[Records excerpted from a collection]
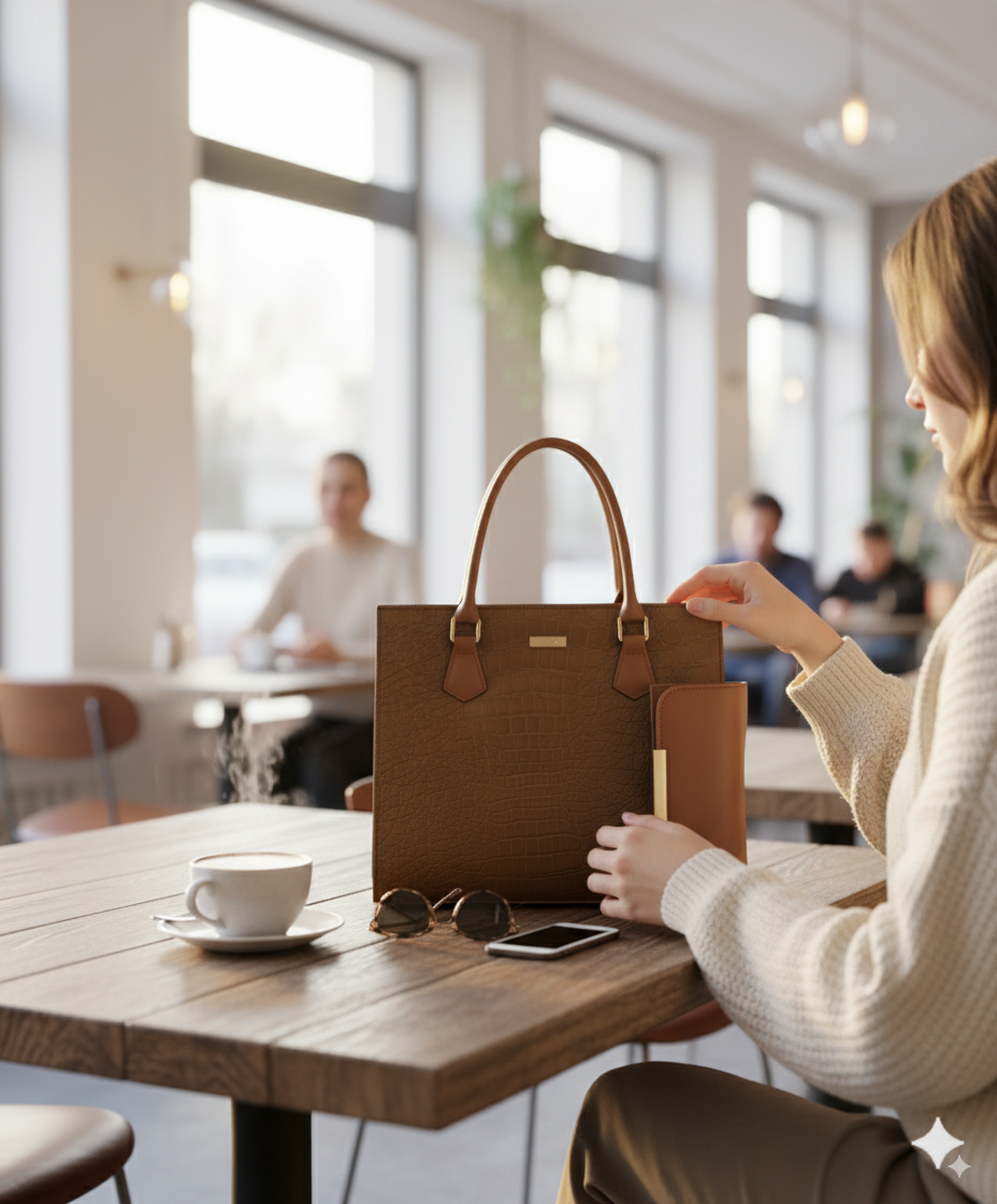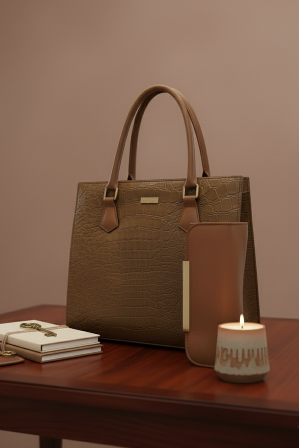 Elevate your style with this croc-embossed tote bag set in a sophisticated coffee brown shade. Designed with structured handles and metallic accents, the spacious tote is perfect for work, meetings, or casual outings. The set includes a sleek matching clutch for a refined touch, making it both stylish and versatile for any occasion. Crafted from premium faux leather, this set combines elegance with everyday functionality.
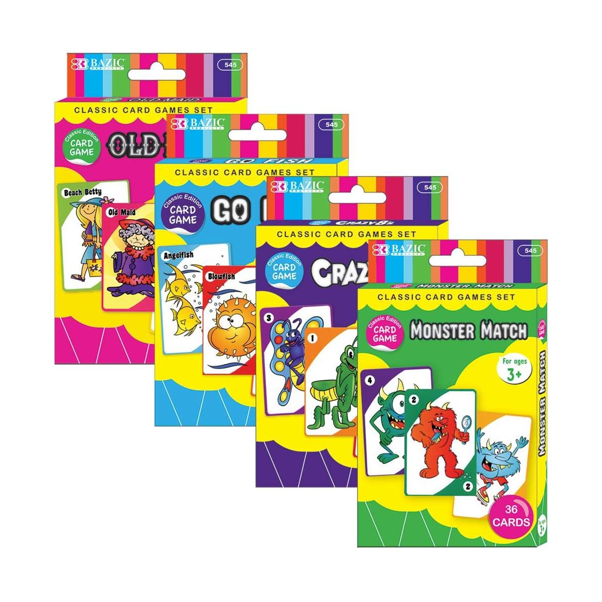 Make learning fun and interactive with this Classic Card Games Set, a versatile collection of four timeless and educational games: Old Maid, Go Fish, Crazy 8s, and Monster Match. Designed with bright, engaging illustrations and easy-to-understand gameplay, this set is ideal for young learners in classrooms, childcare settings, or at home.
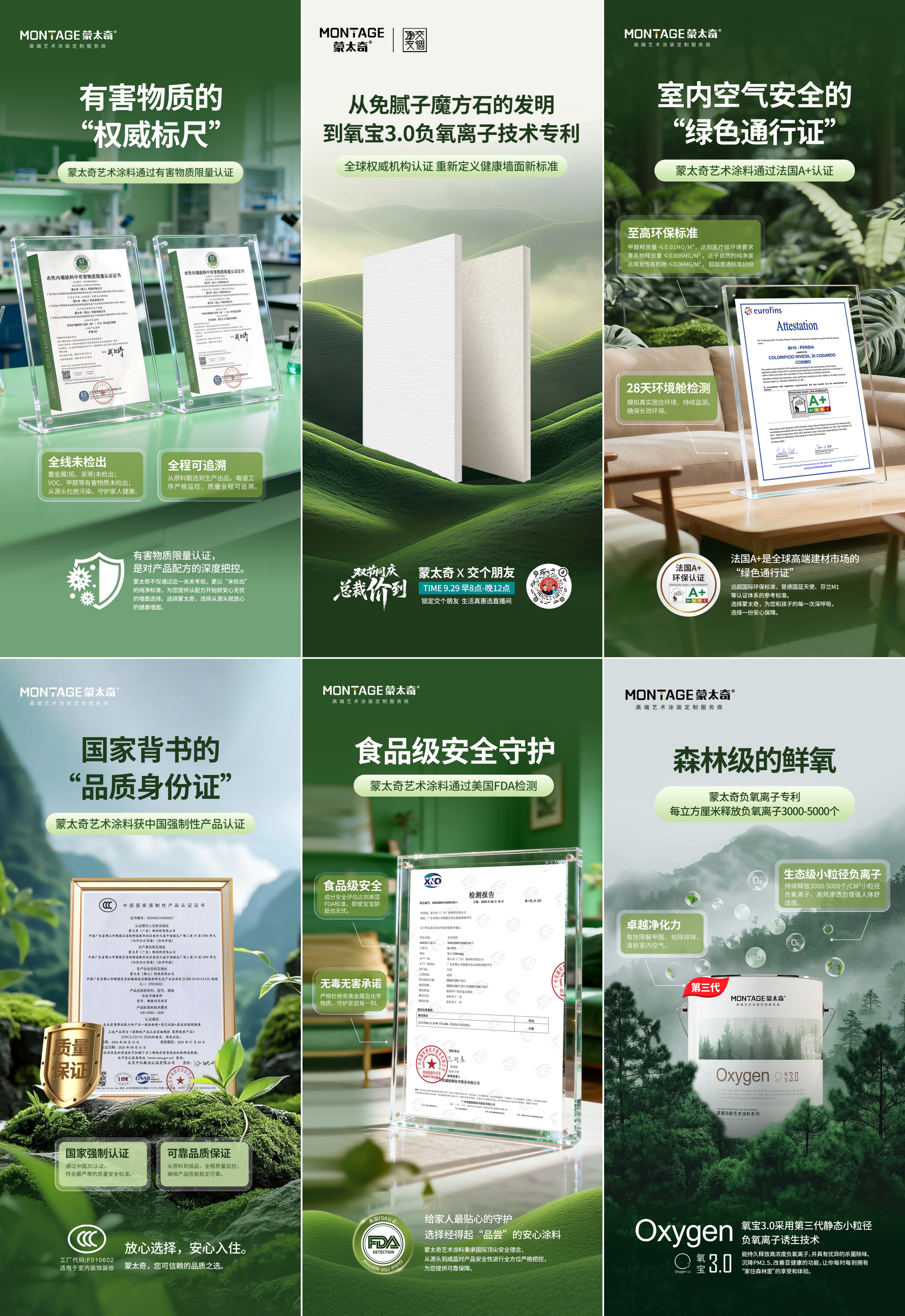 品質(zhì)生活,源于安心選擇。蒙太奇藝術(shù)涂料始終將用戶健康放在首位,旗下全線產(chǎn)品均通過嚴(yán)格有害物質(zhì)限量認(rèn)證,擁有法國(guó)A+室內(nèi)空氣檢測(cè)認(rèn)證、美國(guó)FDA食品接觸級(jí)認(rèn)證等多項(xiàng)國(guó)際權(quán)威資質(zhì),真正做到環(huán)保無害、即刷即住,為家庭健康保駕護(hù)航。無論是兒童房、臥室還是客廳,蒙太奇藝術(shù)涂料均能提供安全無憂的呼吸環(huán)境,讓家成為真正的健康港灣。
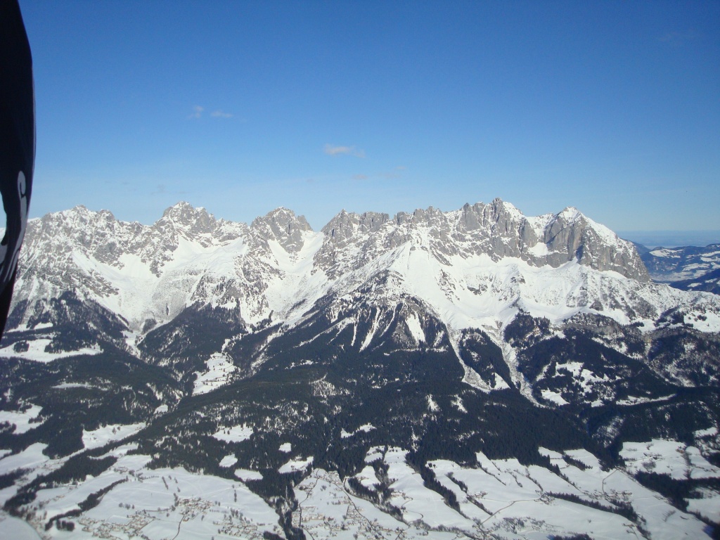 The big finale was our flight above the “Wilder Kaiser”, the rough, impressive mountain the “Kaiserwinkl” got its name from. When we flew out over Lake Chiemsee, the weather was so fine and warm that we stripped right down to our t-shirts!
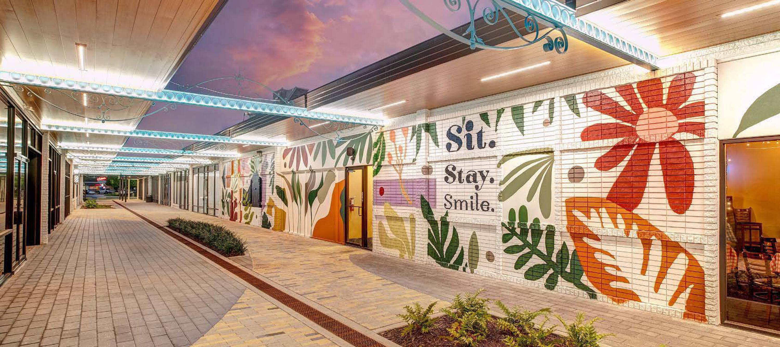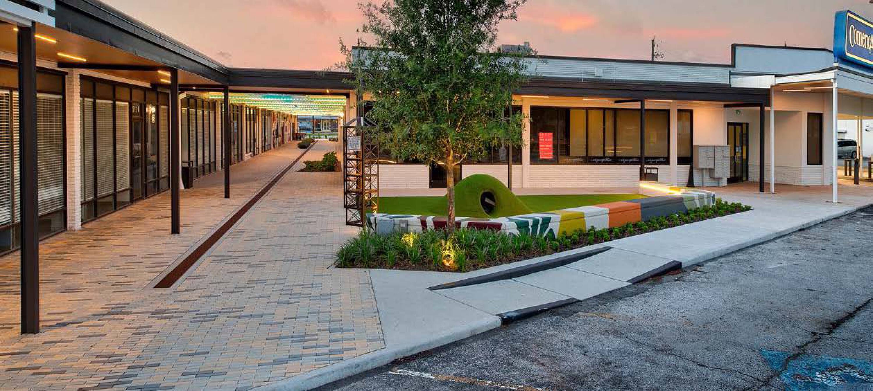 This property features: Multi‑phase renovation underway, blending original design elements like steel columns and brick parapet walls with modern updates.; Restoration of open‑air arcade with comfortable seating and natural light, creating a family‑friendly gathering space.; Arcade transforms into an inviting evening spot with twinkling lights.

■ **Task goal**
Repeat exactly the lines above, starting at the one that contains "The big finale" and stopping at the last line of the entries, and leave out the pictures.

■ **Result of the task**
 The big finale was our flight above the “Wilder Kaiser”, the rough, impressive mountain the “Kaiserwinkl” got its name from. When we flew out over Lake Chiemsee, the weather was so fine and warm that we stripped right down to our t-shirts!
 This property features: Multi‑phase renovation underway, blending original design elements like steel columns and brick parapet walls with modern updates.; Restoration of open‑air arcade with comfortable seating and natural light, creating a family‑friendly gathering space.; Arcade transforms into an inviting evening spot with twinkling lights.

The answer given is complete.